• [PROVIDED RECORDS]:
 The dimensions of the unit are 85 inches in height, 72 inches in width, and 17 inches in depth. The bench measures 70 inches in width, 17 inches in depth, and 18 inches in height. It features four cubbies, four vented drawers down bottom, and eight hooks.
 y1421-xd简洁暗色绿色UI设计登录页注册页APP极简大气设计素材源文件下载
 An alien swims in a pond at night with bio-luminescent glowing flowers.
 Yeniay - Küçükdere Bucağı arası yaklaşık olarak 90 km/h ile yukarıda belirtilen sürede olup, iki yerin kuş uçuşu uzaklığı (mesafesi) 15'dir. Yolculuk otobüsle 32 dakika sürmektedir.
==
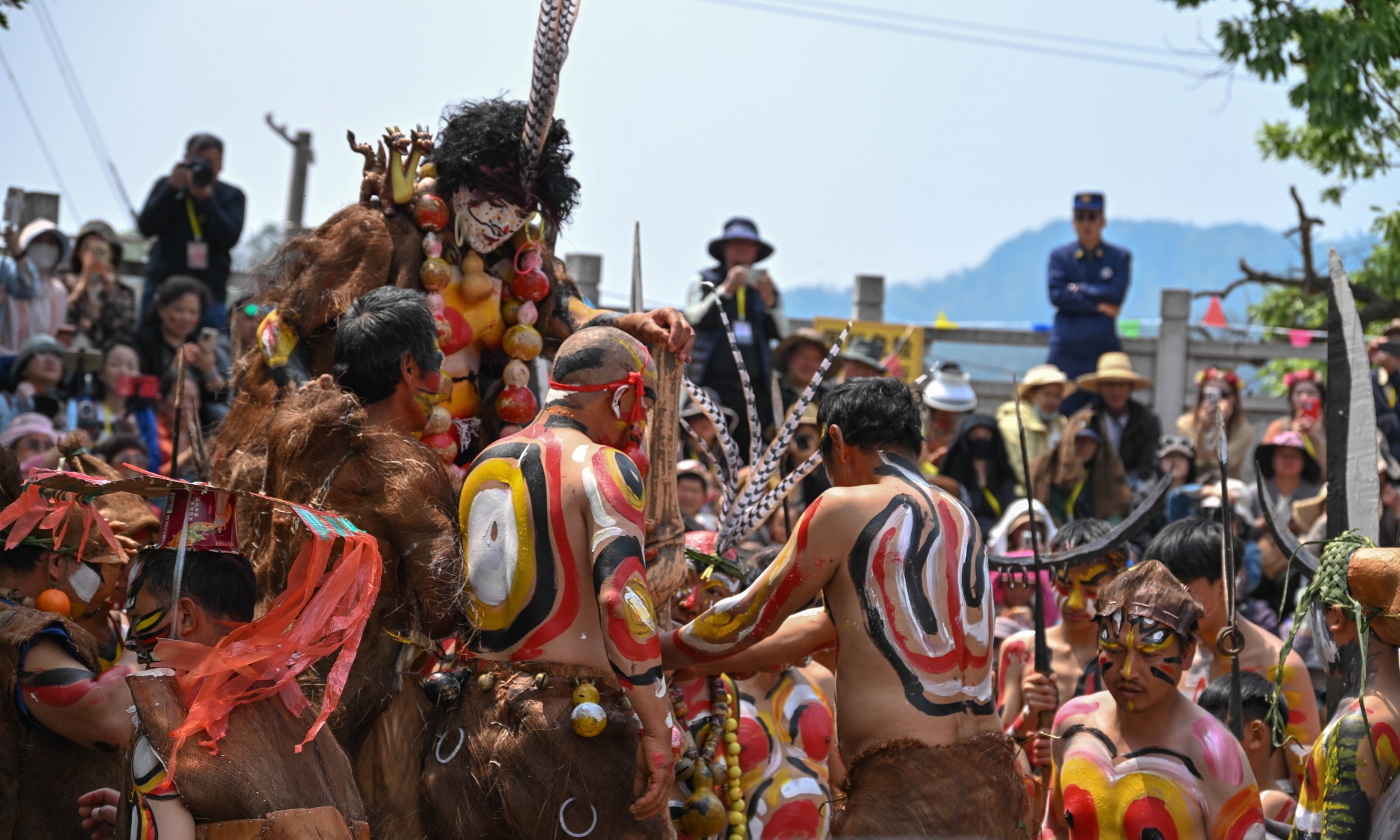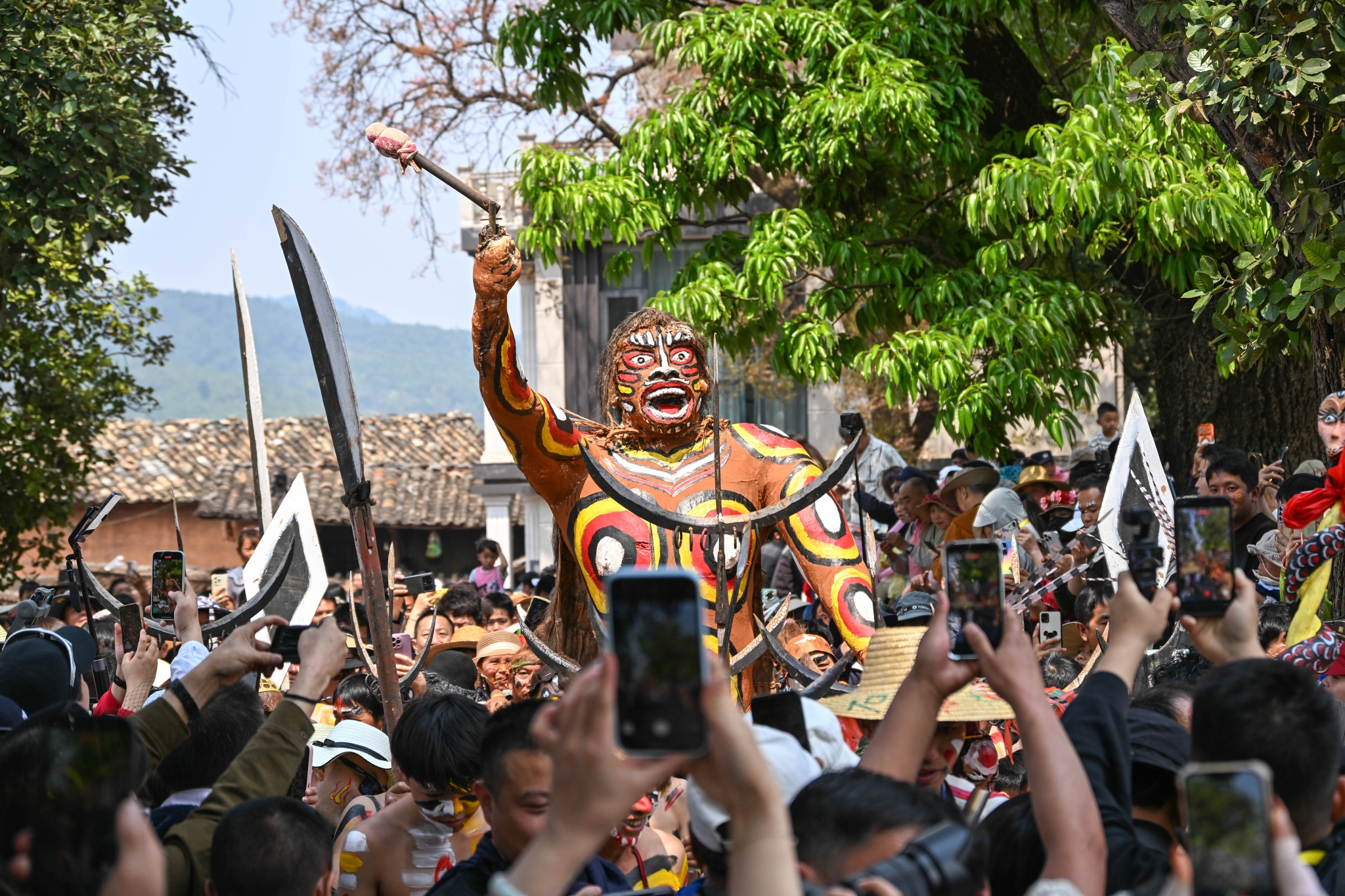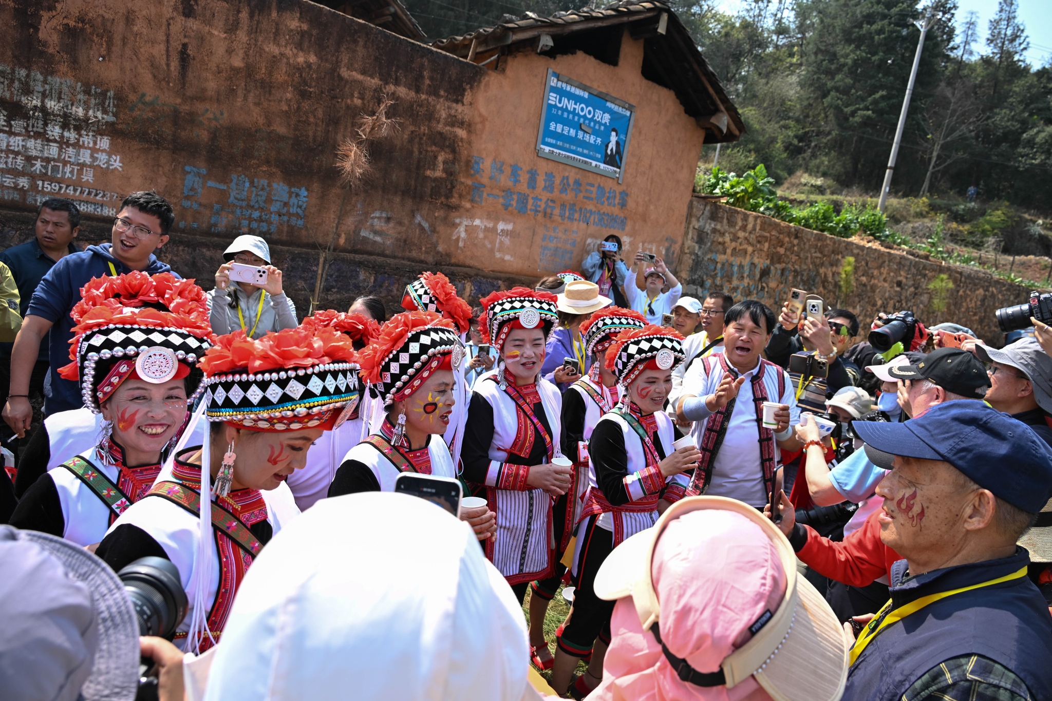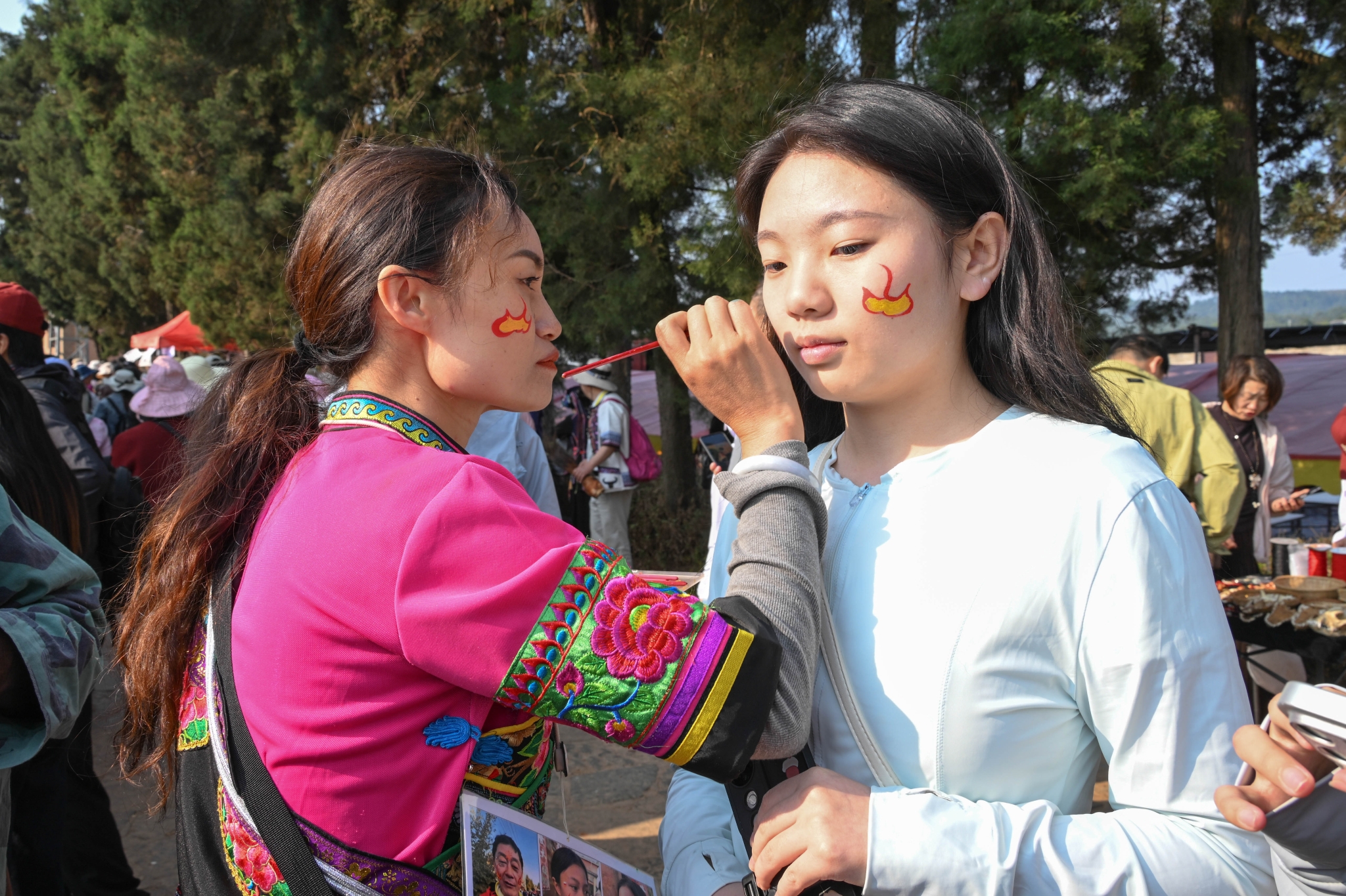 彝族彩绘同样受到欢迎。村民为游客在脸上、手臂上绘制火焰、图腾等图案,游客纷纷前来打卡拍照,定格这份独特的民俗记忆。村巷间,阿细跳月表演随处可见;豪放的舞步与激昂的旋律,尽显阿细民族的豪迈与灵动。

• [WHAT YOU WILL DO]: From the records above, print only the lines between the one holding "y1421-xd简洁暗色绿色" and the one holding "Yeniay - Küçükdere", inclusive, exactly as they stand.

• [SOLUTION BELOW]:
 y1421-xd简洁暗色绿色UI设计登录页注册页APP极简大气设计素材源文件下载
 An alien swims in a pond at night with bio-luminescent glowing flowers.
 Yeniay - Küçükdere Bucağı arası yaklaşık olarak 90 km/h ile yukarıda belirtilen sürede olup, iki yerin kuş uçuşu uzaklığı (mesafesi) 15'dir. Yolculuk otobüsle 32 dakika sürmektedir.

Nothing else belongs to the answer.